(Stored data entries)
• • • •
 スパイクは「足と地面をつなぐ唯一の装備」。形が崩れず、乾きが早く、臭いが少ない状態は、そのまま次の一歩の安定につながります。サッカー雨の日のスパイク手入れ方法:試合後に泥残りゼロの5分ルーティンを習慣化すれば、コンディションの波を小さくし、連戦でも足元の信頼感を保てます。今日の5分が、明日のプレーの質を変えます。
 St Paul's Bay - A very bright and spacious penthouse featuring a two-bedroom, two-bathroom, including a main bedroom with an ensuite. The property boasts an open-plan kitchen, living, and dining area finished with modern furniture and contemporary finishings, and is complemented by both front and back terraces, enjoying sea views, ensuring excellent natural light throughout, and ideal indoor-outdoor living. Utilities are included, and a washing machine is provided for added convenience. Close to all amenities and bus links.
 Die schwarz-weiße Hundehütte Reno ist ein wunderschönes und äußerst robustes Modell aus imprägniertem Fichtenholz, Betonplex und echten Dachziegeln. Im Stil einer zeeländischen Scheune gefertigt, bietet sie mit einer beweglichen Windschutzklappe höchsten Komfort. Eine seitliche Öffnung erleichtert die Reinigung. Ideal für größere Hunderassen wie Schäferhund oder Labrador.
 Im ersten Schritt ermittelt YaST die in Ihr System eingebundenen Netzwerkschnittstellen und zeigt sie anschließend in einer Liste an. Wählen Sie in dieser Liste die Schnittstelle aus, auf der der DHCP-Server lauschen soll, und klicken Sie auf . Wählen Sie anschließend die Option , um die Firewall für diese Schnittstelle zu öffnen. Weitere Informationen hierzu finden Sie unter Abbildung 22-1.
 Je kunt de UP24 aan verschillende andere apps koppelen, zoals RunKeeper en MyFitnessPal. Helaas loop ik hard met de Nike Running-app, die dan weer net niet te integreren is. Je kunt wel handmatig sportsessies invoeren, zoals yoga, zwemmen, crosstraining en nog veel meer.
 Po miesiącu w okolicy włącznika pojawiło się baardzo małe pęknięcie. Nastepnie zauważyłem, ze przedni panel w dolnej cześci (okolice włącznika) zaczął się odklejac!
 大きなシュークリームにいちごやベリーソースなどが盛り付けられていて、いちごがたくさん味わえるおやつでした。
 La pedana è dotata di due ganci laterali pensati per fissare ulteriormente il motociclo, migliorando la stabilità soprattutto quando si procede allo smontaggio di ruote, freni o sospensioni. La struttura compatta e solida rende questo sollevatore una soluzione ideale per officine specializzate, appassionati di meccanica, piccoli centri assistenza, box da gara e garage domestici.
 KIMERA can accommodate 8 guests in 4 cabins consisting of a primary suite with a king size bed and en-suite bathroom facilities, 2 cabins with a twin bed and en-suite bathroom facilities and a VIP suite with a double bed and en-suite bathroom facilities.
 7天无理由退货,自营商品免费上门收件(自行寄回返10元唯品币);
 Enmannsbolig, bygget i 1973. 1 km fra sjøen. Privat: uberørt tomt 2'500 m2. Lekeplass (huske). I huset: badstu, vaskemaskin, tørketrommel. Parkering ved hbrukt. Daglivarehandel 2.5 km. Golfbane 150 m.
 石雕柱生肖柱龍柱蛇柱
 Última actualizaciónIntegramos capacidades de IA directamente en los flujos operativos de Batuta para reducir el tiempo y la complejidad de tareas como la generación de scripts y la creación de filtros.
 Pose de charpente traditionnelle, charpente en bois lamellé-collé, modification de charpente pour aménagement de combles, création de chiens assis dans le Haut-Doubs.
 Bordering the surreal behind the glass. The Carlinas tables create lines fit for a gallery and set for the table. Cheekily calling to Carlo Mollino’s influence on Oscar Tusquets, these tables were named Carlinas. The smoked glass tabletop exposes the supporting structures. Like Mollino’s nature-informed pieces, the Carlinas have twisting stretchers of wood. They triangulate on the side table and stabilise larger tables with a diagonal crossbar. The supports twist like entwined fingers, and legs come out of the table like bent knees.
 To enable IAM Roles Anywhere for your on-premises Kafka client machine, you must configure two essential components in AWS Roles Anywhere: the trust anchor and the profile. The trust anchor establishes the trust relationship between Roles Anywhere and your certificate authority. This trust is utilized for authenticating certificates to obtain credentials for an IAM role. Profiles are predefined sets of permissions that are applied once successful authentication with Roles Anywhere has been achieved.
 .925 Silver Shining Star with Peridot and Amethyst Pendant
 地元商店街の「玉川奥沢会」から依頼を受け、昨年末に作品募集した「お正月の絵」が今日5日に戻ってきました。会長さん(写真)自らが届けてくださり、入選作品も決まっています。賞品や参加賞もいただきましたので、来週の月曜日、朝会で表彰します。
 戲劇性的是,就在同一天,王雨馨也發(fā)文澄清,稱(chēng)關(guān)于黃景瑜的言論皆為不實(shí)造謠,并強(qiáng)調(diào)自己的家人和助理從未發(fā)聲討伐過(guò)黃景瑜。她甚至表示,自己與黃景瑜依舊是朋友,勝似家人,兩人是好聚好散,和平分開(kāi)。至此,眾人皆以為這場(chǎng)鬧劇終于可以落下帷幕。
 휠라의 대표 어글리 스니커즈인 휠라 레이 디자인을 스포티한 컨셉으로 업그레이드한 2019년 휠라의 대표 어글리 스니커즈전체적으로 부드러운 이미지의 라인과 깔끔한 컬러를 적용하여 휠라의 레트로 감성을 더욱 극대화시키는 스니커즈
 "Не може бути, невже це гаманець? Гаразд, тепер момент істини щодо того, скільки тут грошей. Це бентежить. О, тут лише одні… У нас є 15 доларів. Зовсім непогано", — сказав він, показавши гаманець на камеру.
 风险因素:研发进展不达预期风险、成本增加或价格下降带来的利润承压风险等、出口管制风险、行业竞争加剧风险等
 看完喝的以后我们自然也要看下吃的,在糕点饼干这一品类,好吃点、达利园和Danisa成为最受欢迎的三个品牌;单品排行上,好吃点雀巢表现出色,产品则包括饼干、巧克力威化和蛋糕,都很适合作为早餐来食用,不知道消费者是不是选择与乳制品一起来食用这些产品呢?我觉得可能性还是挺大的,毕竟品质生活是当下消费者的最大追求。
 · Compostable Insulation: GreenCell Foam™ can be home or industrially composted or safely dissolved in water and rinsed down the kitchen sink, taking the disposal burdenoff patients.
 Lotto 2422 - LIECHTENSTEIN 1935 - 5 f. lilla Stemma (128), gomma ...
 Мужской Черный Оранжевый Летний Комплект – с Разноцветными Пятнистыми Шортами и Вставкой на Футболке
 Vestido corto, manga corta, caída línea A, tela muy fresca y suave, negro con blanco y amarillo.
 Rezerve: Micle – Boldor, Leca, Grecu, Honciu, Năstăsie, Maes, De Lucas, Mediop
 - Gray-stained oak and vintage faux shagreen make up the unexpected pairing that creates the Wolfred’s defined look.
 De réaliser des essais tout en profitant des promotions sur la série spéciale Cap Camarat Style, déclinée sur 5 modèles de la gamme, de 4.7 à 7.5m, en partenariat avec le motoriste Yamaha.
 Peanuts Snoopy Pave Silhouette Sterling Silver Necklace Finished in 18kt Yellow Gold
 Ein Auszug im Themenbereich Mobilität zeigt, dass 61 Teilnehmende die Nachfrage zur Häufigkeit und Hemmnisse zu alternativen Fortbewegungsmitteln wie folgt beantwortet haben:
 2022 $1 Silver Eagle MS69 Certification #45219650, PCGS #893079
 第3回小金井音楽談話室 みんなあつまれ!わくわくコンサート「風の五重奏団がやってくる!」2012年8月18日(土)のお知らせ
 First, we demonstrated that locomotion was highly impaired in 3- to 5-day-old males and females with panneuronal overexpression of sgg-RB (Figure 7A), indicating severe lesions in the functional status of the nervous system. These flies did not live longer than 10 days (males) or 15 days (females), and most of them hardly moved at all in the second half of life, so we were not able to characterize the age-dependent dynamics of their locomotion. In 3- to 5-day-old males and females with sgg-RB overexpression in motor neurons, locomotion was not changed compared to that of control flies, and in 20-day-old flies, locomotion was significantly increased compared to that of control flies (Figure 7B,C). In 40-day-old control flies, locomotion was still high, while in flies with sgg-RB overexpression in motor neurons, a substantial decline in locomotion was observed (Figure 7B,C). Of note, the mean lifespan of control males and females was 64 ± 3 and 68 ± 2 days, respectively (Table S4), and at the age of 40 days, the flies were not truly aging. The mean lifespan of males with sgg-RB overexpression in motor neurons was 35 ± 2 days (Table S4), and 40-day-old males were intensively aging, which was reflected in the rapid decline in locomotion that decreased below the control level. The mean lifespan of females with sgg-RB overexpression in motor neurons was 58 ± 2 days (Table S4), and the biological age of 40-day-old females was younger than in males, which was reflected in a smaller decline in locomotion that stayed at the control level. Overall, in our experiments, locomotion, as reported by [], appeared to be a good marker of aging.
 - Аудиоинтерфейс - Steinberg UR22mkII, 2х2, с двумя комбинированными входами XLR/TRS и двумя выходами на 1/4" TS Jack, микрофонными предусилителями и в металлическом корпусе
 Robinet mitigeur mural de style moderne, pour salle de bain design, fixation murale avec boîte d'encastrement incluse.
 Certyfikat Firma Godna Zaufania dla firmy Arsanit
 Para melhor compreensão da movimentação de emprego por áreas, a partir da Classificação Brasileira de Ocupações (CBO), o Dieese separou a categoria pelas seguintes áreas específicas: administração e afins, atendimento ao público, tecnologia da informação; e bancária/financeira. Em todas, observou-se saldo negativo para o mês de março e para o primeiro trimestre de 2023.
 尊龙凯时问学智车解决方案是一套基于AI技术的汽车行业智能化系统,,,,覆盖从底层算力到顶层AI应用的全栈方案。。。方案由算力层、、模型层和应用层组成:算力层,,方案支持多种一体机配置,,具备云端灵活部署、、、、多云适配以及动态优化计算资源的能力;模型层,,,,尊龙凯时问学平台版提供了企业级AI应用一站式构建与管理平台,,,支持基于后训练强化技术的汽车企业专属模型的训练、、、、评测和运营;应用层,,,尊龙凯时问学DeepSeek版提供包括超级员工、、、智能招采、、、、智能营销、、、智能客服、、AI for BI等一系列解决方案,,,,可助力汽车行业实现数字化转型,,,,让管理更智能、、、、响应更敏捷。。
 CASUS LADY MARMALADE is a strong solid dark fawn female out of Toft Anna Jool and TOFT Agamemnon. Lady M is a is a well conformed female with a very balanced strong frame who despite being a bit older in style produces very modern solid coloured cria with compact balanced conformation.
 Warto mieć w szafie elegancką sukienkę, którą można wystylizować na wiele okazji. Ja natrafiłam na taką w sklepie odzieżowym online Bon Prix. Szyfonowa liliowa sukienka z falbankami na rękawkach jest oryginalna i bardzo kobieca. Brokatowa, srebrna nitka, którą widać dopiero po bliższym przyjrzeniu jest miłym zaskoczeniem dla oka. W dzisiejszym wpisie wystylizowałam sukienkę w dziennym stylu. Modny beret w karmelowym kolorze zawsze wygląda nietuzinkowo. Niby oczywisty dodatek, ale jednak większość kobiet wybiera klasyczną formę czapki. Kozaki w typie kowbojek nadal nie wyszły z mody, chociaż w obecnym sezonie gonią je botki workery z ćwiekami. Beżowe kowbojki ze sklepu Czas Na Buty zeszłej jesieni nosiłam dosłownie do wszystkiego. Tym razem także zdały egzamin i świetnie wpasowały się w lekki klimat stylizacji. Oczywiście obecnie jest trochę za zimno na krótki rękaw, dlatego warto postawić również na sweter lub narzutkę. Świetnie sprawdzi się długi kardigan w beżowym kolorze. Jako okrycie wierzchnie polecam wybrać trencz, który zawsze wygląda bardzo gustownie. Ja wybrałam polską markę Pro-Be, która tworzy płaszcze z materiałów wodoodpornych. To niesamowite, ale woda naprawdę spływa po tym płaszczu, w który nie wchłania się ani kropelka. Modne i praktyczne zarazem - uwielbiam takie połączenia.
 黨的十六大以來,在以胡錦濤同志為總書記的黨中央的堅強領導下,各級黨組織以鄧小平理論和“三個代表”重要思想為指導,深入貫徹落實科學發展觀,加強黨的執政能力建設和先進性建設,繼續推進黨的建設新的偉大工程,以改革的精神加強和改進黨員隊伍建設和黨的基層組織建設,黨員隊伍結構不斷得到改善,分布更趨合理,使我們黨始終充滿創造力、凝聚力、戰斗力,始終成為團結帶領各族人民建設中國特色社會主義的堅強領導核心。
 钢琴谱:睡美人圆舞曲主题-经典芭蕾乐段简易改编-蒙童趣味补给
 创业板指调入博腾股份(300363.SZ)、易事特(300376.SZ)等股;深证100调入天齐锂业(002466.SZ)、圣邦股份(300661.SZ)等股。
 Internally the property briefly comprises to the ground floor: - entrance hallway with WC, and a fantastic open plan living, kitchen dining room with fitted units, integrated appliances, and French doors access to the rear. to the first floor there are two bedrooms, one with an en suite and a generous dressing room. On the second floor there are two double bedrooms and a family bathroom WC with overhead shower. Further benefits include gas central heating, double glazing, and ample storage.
• • • •
• **ASSIGNMENT**:
Starting at the line above that contains "- Gray-stained oak", repeat each line exactly up to and including the line that contains "2022 $1 Silver", and stop there.

• **SOLUTION FOR THIS TASK**:
 - Gray-stained oak and vintage faux shagreen make up the unexpected pairing that creates the Wolfred’s defined look.
 De réaliser des essais tout en profitant des promotions sur la série spéciale Cap Camarat Style, déclinée sur 5 modèles de la gamme, de 4.7 à 7.5m, en partenariat avec le motoriste Yamaha.
 Peanuts Snoopy Pave Silhouette Sterling Silver Necklace Finished in 18kt Yellow Gold
 Ein Auszug im Themenbereich Mobilität zeigt, dass 61 Teilnehmende die Nachfrage zur Häufigkeit und Hemmnisse zu alternativen Fortbewegungsmitteln wie folgt beantwortet haben:
 2022 $1 Silver Eagle MS69 Certification #45219650, PCGS #893079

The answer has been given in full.